Stent implantation is the primary
method used to treat coronary
heart disease. However, it is associated with complications such as
restenosis and late thrombosis. Despite surface modification being
an effective way to improve the biocompatibility of stents, the current
research studies are not focused on changes in the vascular microenvironment
at the implantation site. In the present study, an adaptive drug-loaded
coating was constructed on the surface of vascular stent materials
that can respond to oxidative stress at the site of vascular lesions.

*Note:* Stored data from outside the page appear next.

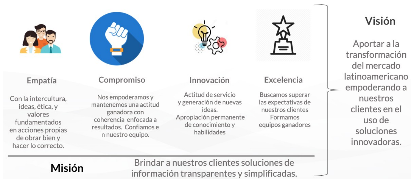
Gráfico 01: Misión, Visión y Valores de BMind®

BMind® es una empresa orientada a entregar a sus clientes soluciones de tecnología que ayuden a transformar sus organizaciones y les permitan construir nuevos modelos de negocios, utilizando tecnologías de punta que contribuyan a la reducción costos y eficiencia en sus procesos.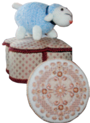
Среди экспонатов выставки – декоративная овечка, символ будущего года по восточному календарю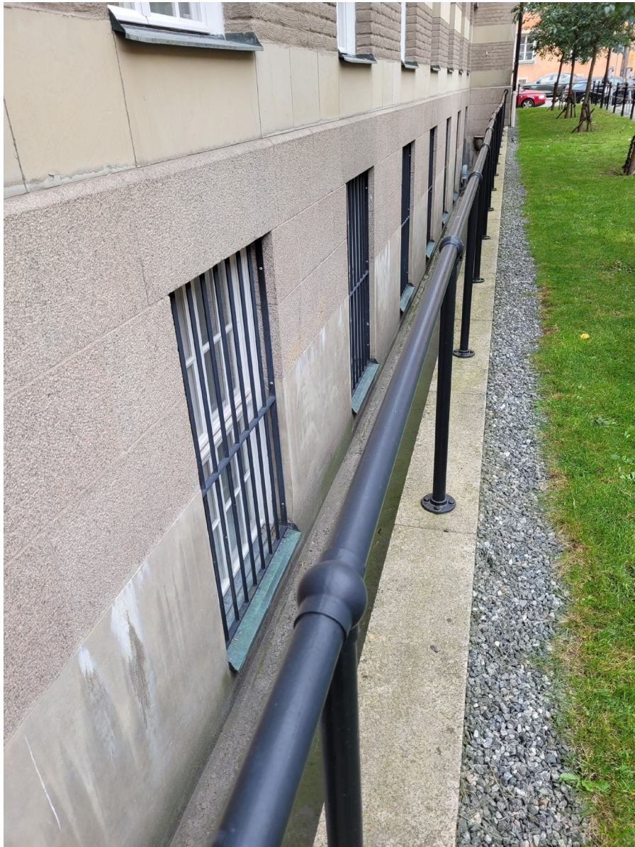
"Löjtnantsgatan" - räcket vid de förhöjda fönstren kan vara av ursprunglig typ.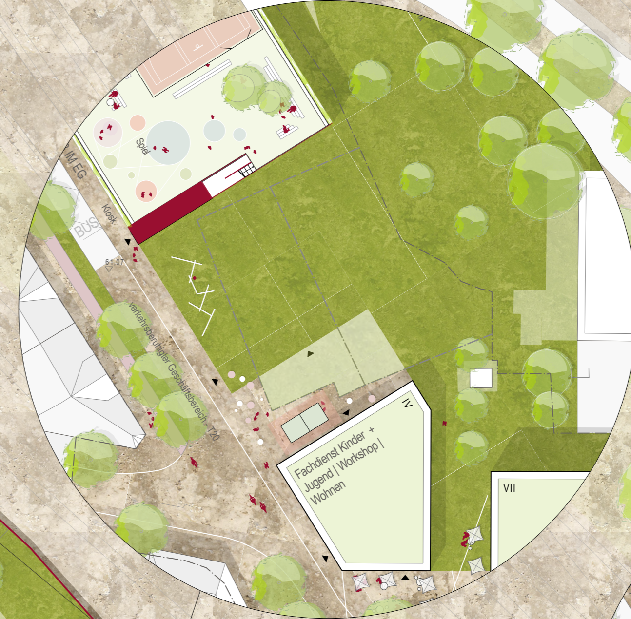
DB Flächen: Variante 1 | keine Bebauung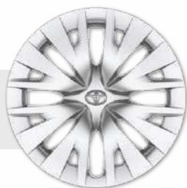
חישוקי פלדה 15"

*מומלץ לבדוק את תאימות הטלפון הנייד שברשותך למערכת ה-Bluetooth המותקנת ב-YARIS, אשר הינה מסוג: Toyota Touch 2. את הבדיקה ניתן לעשות בלינק הבא: www.toyota-tech.eu/bluetooth/search.aspx **נכון למועד פרסום קטלוג זה, אפליקציית Android Auto אינה זמינה בישראל. ***פעילות ה-E-call תלויה ברשת הסלולרית הנמצאת בקרבת הרכב בעת שידור המידע.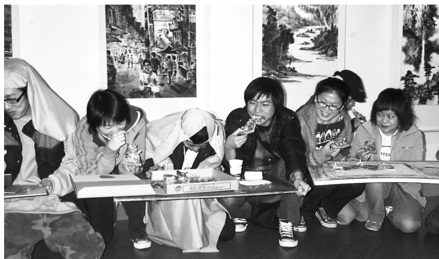
同學表演在台上猛吃 pizza 的橋段，模仿概念源自於達文西名畫《最後的晚餐》。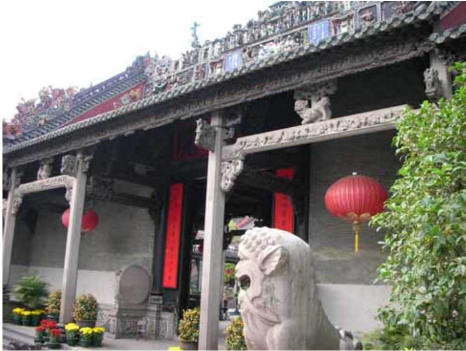
照片一：陳家祠正殿入口

成，及文獻會負責培訓史蹟解說員，在本市規劃 16 條解說動線，不定期的接受各界預約解說史蹟，為傳佈其存在的歷史意義及藝術價值，奉獻心力。因此，就整體推廣面而言，應有過之而無不及。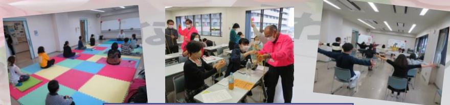
งานเวิร์คชอป

เมื่อวันอาทิตย์ที่ 20 พฤศจิกายน ได้มีการเวิร์คชอปจากเหล่าคุณครูท้องถิ่น กลุ่มกิจกรรมอาสาสมัครต่างชาติ โดยมีผู้สนใจเข้าร่วมมากมาย จึงทำให้บรรยากาศมีความครึกครื้นและเต็มไปด้วยความสนุกสนาน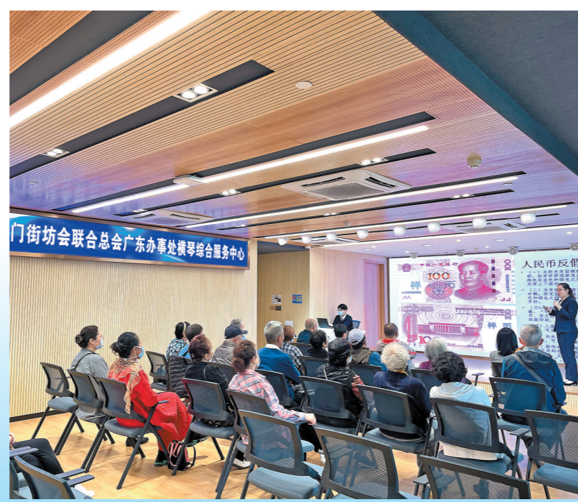
金融知识沙龙活动现场 受访者供图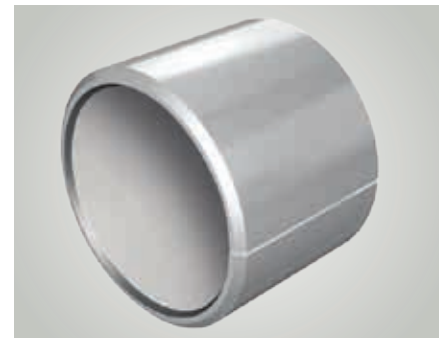
Tuleja łożyska ślizgowego KS PERMAGLIDE® P14

Również łożyska iglicowe można w ramach tych aplikacji zastąpić tulejami łożysk ślizgowych KS PERMAGLIDE®. Tuleje łożysk ślizgowych KS PERMAGLIDE® są w porównaniu z łożyskami iglicowymi tanie i kompaktowe.

Two functional molecules, epigallocatechin gallate (EGCG) and cysteine
hydrochloride, were employed to fabricate a coating on the surface
of 316L stainless steel. In addition, the coating was used as a drug
carrier to load pitavastatin calcium. EGCG has antioxidant activity,
and pitavastatin calcium can inhibit smooth muscle cell proliferation.
Therefore, EGCG and pitavastatin calcium provided a synergistic anti-inflammatory
effect. Moreover, the coating was cross-linked using disulfide bonds,
which accelerated the release of the drug in response to reactive
oxygen species. A positive correlation was observed between the rate
of drug release and the degree of oxidative stress. Collectively,
this drug-loaded oxidative stress-responsive coating has been demonstrated
to significantly inhibit inflammation, accelerate endothelialization,
and reduce the risk of restenosis of vascular stents in vivo.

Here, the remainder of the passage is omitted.